Open-Unmix: music source separation with deep neural networks — a joint research of Inria and Sony.
Open-Unmix supports Neural Network Libraries, along with Pytorch, and Tensorflow/Keras.
https://open.unmix.app/paper.pdf
https://github.com/sigsep/open-unmix-nnabla
Music source separation is the task of decomposing music into its constitutive components, e.g., yielding separated stems for the vocals, bass and drums. Such a separation has many applications ranging from rearranging/repurposing the stems (remixing, repanning, upmixing) to full extraction (karaoke, sample creation, audio restoration).
Music separation has a long history of scientific activity as it is known to be a very challenging problem. In recent years, deep learning based systems – for the first time – yielded high quality separations that also lead to increased commercial interest. However, until now, no open-source implementation that achieves state-of-the-art results was available.

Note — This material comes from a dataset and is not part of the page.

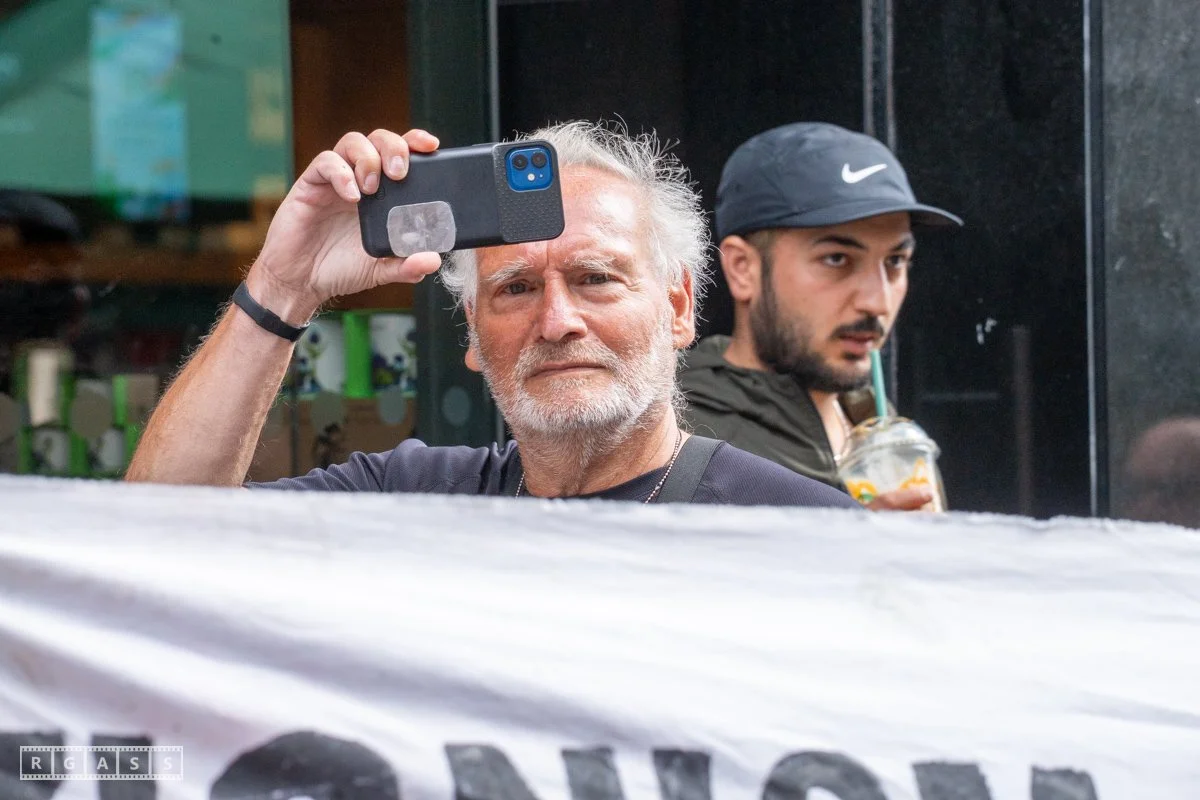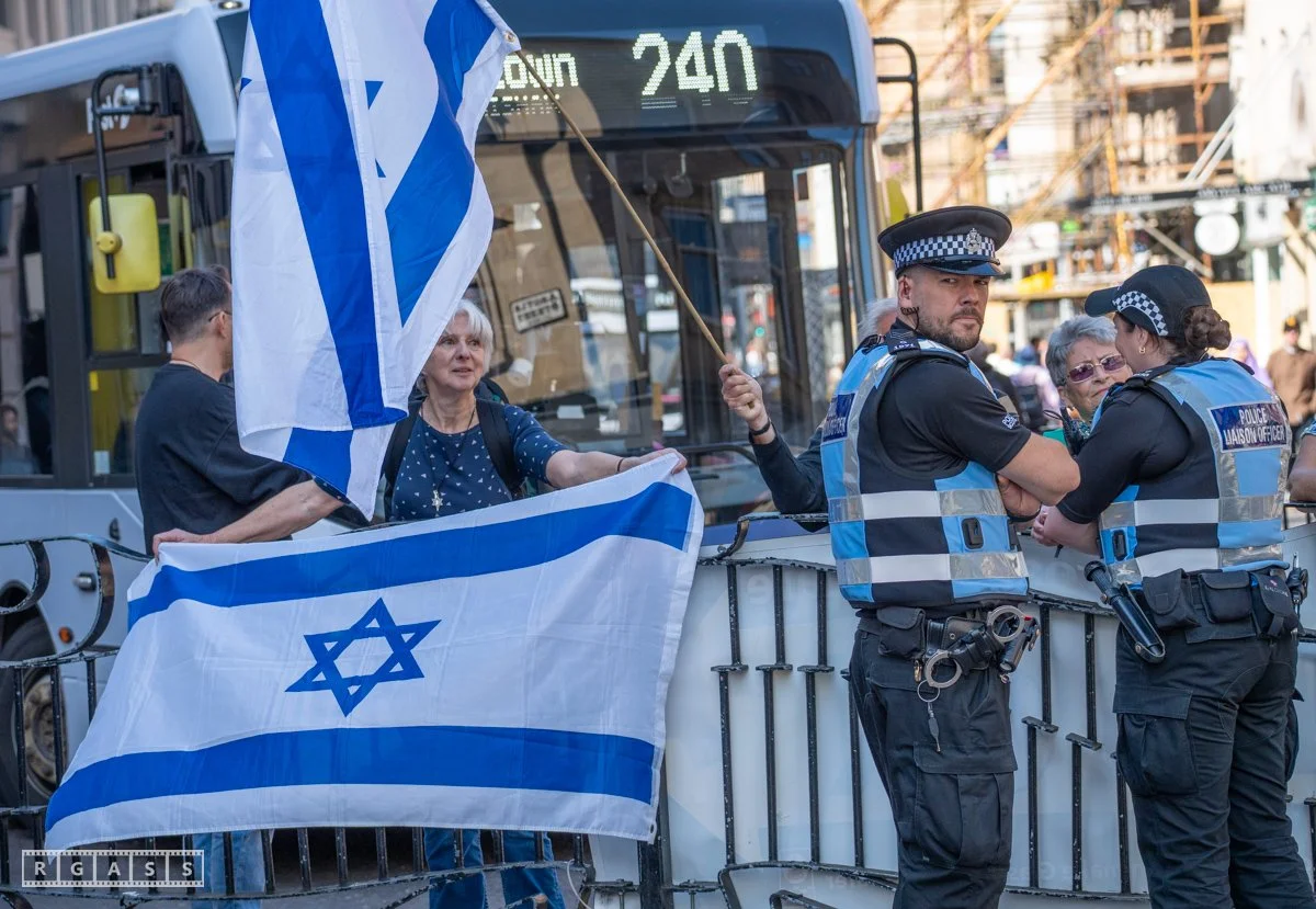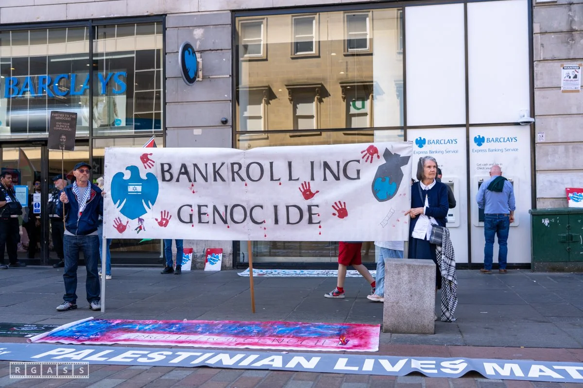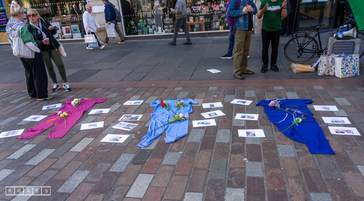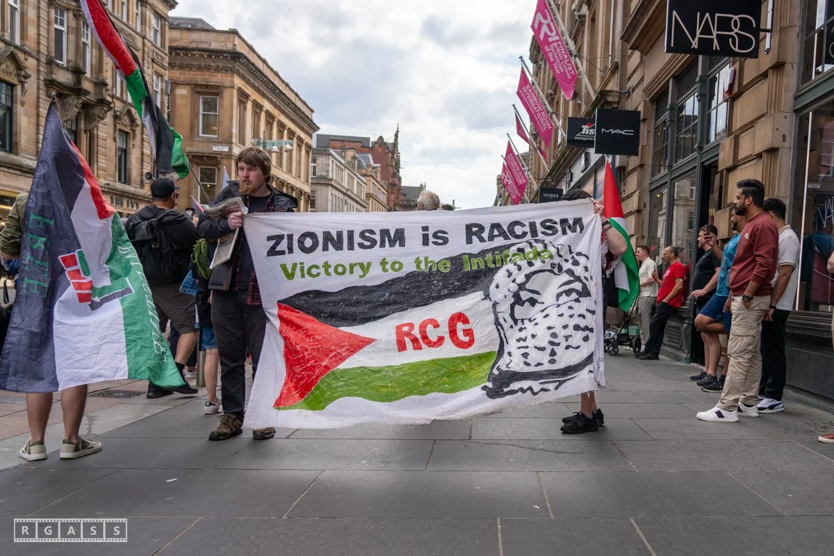 Glasgow UK. 10 May 2025. Palestinian protesters pass Glasgow Friends of Israel Stall where a woman in a wheel chair is injured and then followed by stall holders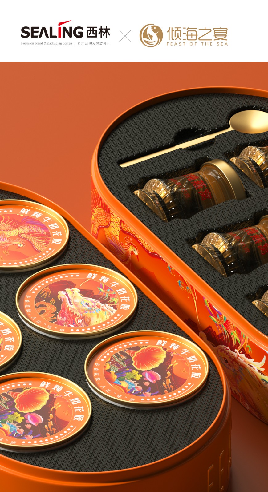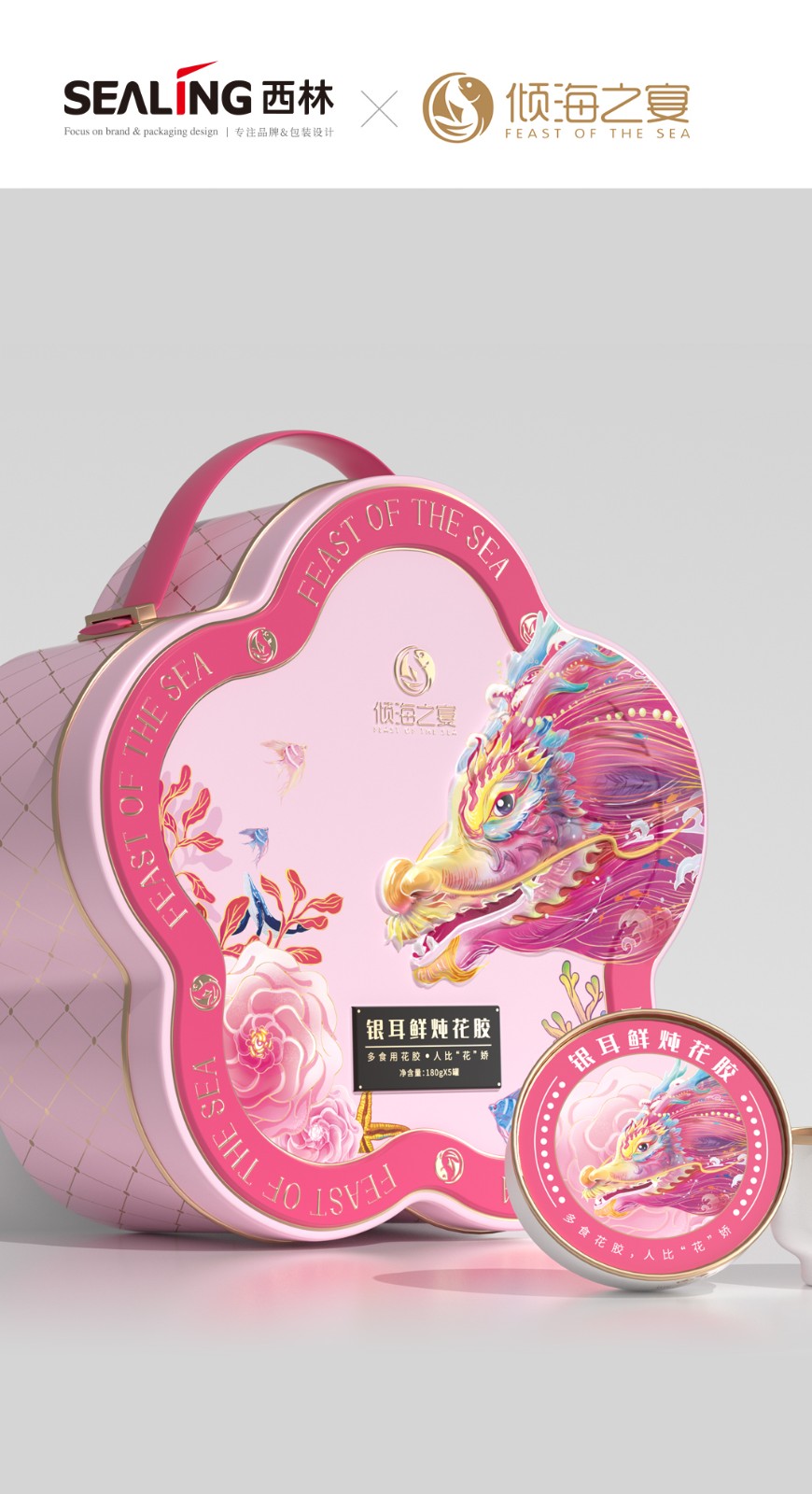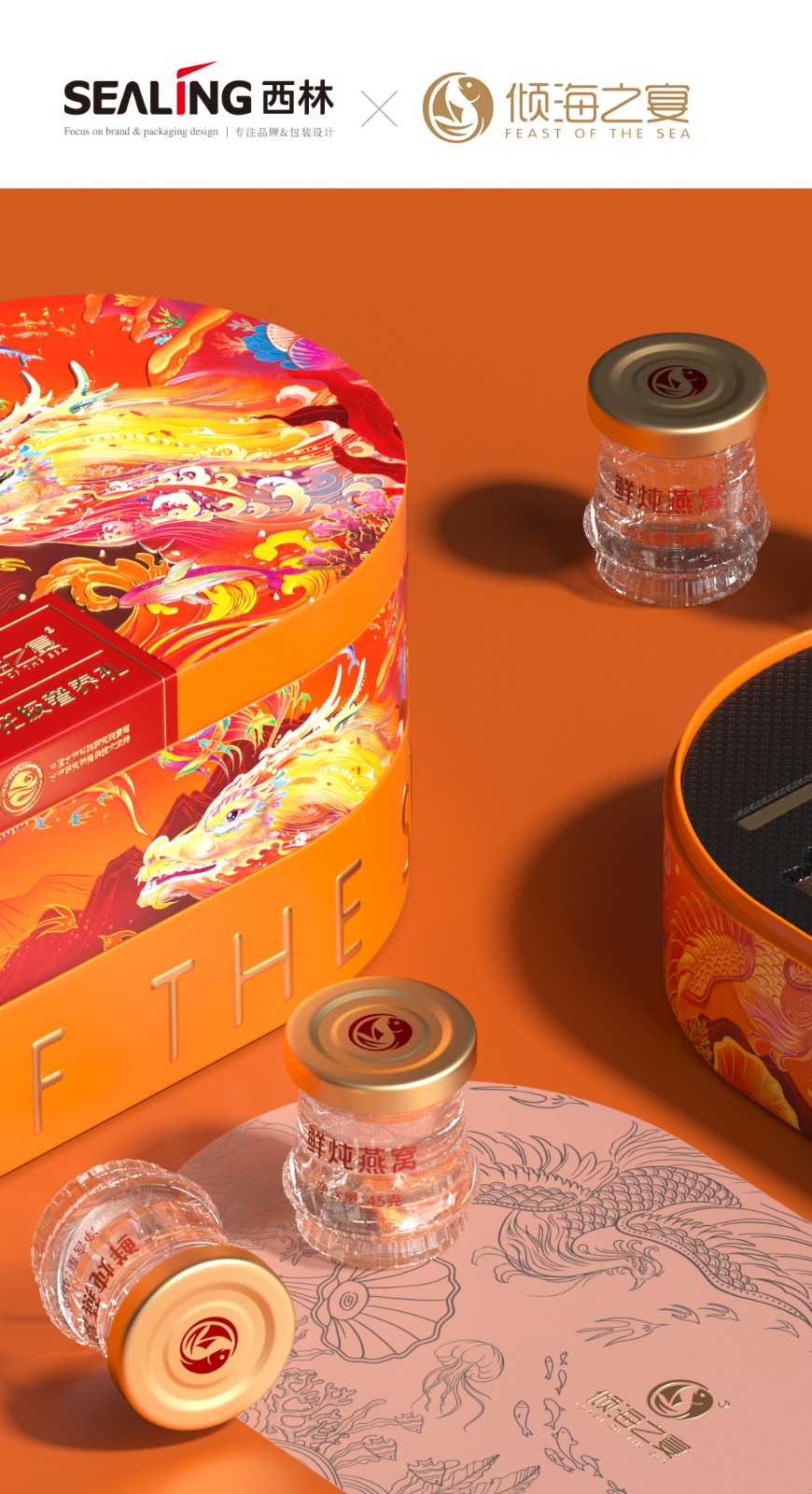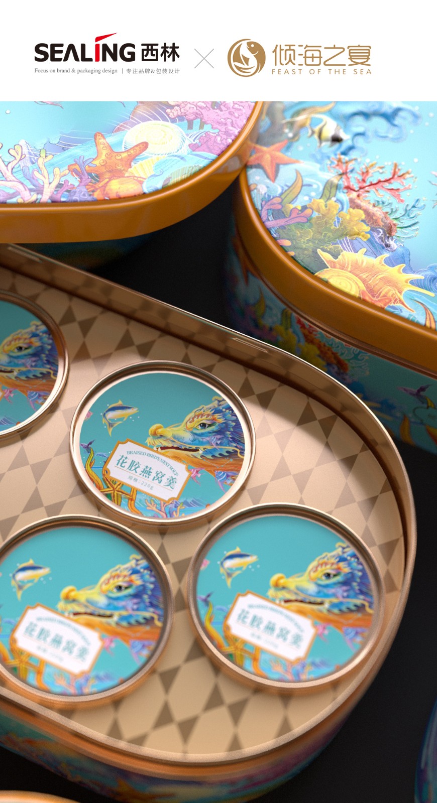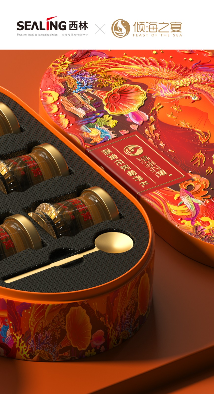 龍年來臨之際,西林設(shè)計(jì)助力傾海之宴品牌推出了全新的禮盒,包裝設(shè)計(jì)設(shè)計(jì)融入了濃厚的龍年元素和吉祥寓意,完美地展現(xiàn)了東方的美學(xué)理念,將禮盒的檔次提升到了一個(gè)新的高度。燕窩花膠奢養(yǎng)禮盒的包裝設(shè)計(jì)旨在展現(xiàn)產(chǎn)品的尊貴品質(zhì),同時(shí)融入了中國(guó)傳統(tǒng)文化元素和海洋生態(tài)元素,呈現(xiàn)出精致、創(chuàng)意和奢華的風(fēng)格。西林設(shè)計(jì)為這款禮盒采用高品質(zhì)的馬口鐵盒作為外包裝,具有堅(jiān)固、耐用的特點(diǎn),能夠有效地保護(hù)內(nèi)部產(chǎn)品。馬口鐵盒的外觀采用質(zhì)感多色系列,給人一種時(shí)尚、高貴、典雅的感覺。

Open-Unmix closes this gap by providing a reference implementation based on deep neural networks. It serves two main purposes: Firstly, to accelerate academic research as Open-Unmix provides implementations for the most popular deep learning frameworks, giving researchers a flexible way to reproduce results; Secondly, we provide a pre-trained model for end users and even artists to try and use source separation. Furthermore, we designed Open-Unmix to be one core component in an open ecosystem on music separation, where we already provide open datasets, software utilities and open evaluation to foster reproducible research as the basis of future development.